# [ACTION ITEM]
The line with "وقال الأمير أبو", the line with "Как киевляне сломали", and all lines between them in the material below: return these exactly, and no others.

# [PROVIDED DATA]
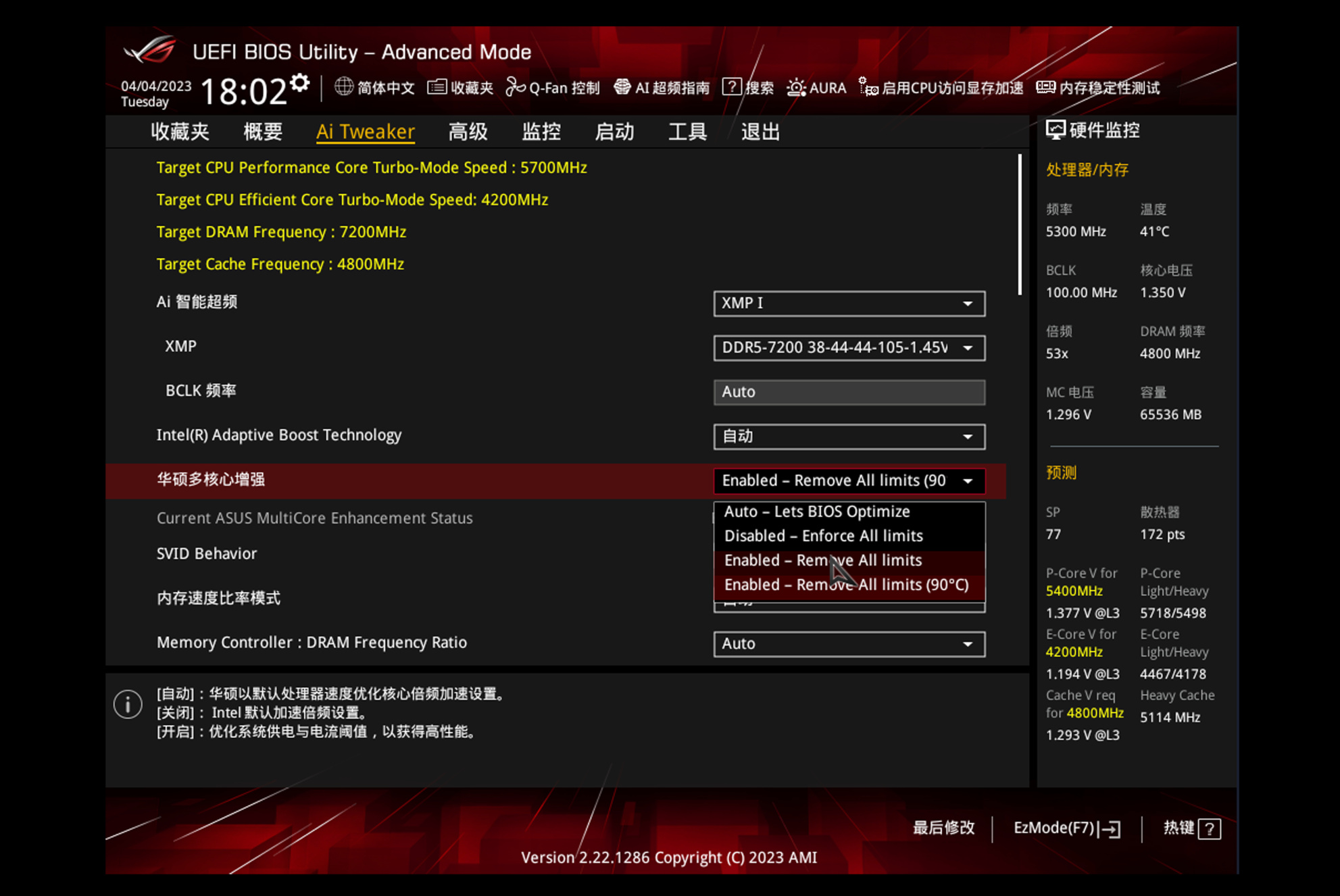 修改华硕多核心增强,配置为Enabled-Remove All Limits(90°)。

---

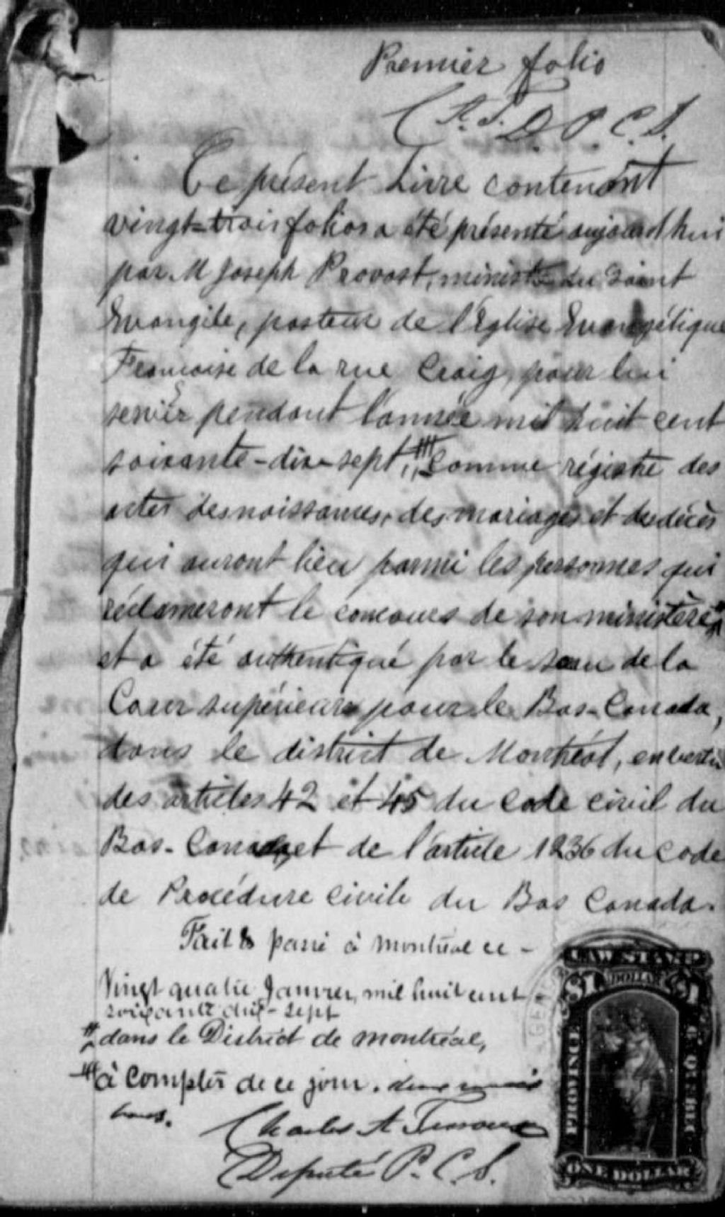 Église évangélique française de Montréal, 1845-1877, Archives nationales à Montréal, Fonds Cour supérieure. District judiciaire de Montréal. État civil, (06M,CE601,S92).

--

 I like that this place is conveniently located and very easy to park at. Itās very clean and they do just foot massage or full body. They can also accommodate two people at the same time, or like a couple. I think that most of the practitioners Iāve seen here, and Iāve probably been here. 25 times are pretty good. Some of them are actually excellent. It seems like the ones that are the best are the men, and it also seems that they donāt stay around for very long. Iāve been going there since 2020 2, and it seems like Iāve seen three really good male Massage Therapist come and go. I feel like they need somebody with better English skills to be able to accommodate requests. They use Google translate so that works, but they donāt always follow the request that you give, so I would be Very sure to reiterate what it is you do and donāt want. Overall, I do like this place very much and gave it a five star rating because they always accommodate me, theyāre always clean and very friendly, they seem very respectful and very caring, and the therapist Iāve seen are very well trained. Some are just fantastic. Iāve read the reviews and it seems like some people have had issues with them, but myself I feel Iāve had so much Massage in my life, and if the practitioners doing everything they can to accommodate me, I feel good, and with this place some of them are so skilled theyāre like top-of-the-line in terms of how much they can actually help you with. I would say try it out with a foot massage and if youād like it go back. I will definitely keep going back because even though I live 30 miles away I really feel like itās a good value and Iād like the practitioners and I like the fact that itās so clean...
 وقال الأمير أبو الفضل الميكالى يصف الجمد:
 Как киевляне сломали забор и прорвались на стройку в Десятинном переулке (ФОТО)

# [SOLUTION FOR THIS TASK]
 وقال الأمير أبو الفضل الميكالى يصف الجمد:
 Как киевляне сломали забор и прорвались на стройку в Десятинном переулке (ФОТО)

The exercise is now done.